Şu saaten sonra cidden biraz dinlenmeye ihtiyacım var.

Sabah:

Güzel bir ilk bahar esintisi kokusuyla uyandım, bu tabiki Atlasın saçlarının kokusuydu. Gözlerimi kırpıştırarak açtım Atlas, gülümseyerek bakıyordu bana. "Günaydın sevgilim" diyerek dudaklarıma bir öpücük kondurdu, bakın şu konuya bi netlik getirelim: ben bunla yetinmem. "Ama bu bana yetmez kiiii" diye mızmızlanıp dudağımı büzüp gözlerimi kapadım. Kıkırdayıp dudaklarıma kapandı, bir süre öpüşüp ayrıldık. "İşe gitmeliyim" , "Boş ver işi ben senin patronunum işe gidersen kovulursun" kıkırdadı "Peki patron ne diyorsa o olur ama cidden gitmeliyim, seni öyle bırakmak istemediğim içinde uyandırmak istedim" dedi.
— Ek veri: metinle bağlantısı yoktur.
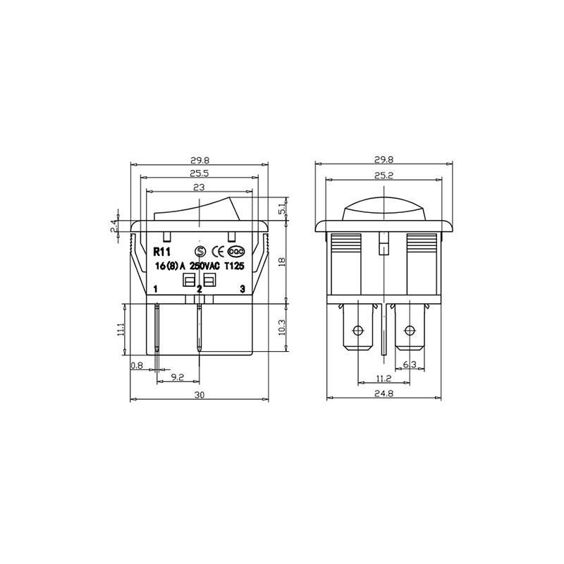 16(16)A 125/250VAC T125 1E4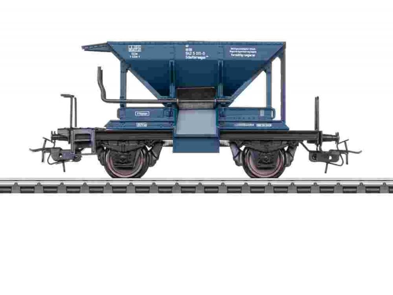 Vorbild: Schotterwagen als Bahndienstwagen Bauart Talbot. Ozeanblaue Grundfarbgebung. Deutsche Bundesbahn (DB). Betriebszustand Ende der 1980er Jahre.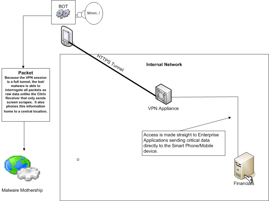 In this drawing we see how using the Citrix receiver is not a full VPN tunnel but an ICA Session that sends encrypted pixel refreshes to the end user instead of raw data. This means that if there is a zeus bot, or the like, on the phone looking for key html or xml such as “password” or “Card Number” it will not appear because the only data coming across is screen refreshes. This effectively keeps the data running on a restricted environment via XenAPP or XenDesktop.
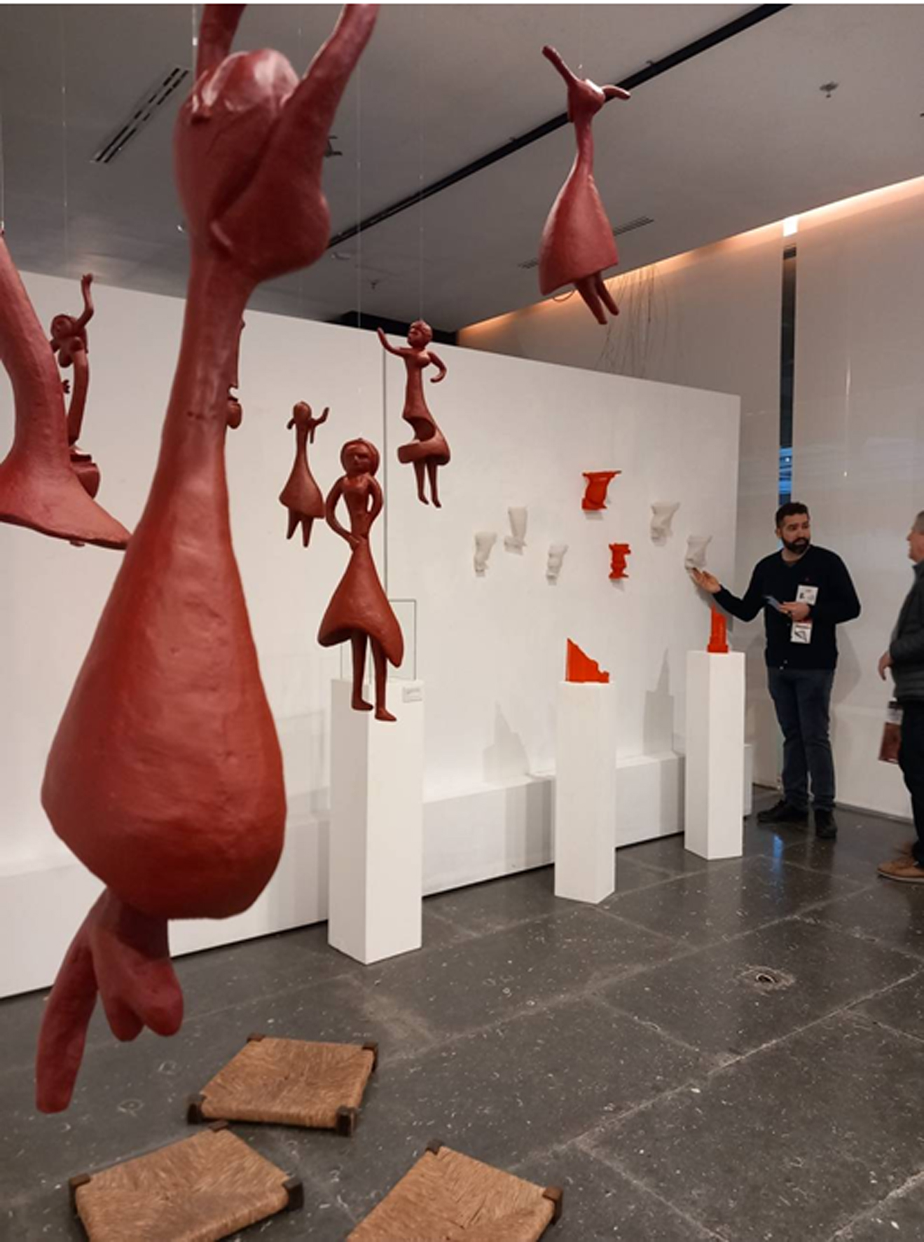 Dentro del análisis de difusión de resultados, esta participación colectiva en Sevilla contribuye de nuevo a un impacto del proyecto fuera del territorio regional, ampliando su proyección en un contexto más amplio. En esta muestra el artista presenta dos instalaciones y la obra La zagaliza del esparto reproducida seriada tras las primeras pruebas en impresión 3D (Figura 13).

Dudaklarımı büzdüm "Tamam gidebilirsin, ama akşam gelirken mantarlı pizza da getir" kafa salladı yanağımdan öptü ve hızla odadan çıktı. Ben 11'e kadar uyumaya devam ettim, daha sonra kalkıp mutfağa gittim. Sandviç ve kola alıp salona geri gittim. 2 saat daha boş boş televizyonu izlerken telefonum çaldı.

Peder arıyor.....

Aha sıçtık kesin sıçtık. Telefonu sakince açtım.

"Merhaba ba-"
"Bir baban olduğunu hatırlaman hoşuma gitti açıkçası"
"Baba özür dilerim son günlerde çok önemli işlerim vardı"
"Neymiş o önemli olan? Kaç gündür şirkete de uğramıyormuşsun"
"Şey aslında...benim hayatımda önemli bir insan var"
"Kız mı Erkek mi?"
"Şey E-erkek"
"Oooooo OOOOOO damadımız mı vaaar hadi bakiyim"
"Baba ne diyosun ya"
"Ben sevgili damadımla tanışmak istiyorum hafta sonu yemeğe gelin"
"İyide baba ya gelmek istemezse"
"İster ister bak cidden çok mutlu oldum AYLİİN DAMADIMIZ VARMIIIŞ"
"Ba-"
"Bak biz annenle sonunda bize damat getirdiğin için pasta kesicez sonra konuşuruz"
"Peki görüşürüz"

Telefon kapandığında yana koydum. Şimdi ben Atlasa nasıl söylerdim babam senle tanışmak istiyor diye? Sanırım bunu sonra düşünmem gerekiyordu. Ve evet şirkete uğramam gerekiyordu, ondan üstümü giyinip arabayı şirkete doğru sürmeye başladım.

———

3 saat aralıksız bir sürü dosyaya baktım ve lanet olasılar bitmiyor. 456. Dosyaya geçecekken kapı çaldı, gelen sekreterim di "Bir sorun mu var Merve?" Kapıyı arkasından kapatıp yanıma geldi, bir bacağıma oturdu. "Evet bir sorun var ben sizsiz yapamıyorum Yusuf bey" dedi ve bir eliyle üyemi okşamaya başladı, ağzım açık onu izlerken kendini kucağıma yerleştirdi "Bakın çok kötü durumdayım...yardımcı olabilir misiniz?" Dedi ve bir elimi alıp göğüslerini okşadı....Şu an...BEN ATLASI ALDATIYORUM. Kadını üstümden attım ve bağırdım "BİR DAHA SAKIN SAKIN BÖYLE BİR ŞEY YAPMA KOVULDUN GİT VE KENDİNE GENEL EVDE UYGUN BİR İŞ BUL" dedim ve odadan çıktım. Bir an önce o huzur dolu sarı saçların arasına girmem gerekiyor.

———
Yusuftan böyle bir deli kanlılık bekler miydiniz? Qlwkqkkwwkkw ama o cidden Atlası seviyor ve ona çok değer veriyor. Lütfen Yusufu sevin çünkü o secmek ne bilmiyor.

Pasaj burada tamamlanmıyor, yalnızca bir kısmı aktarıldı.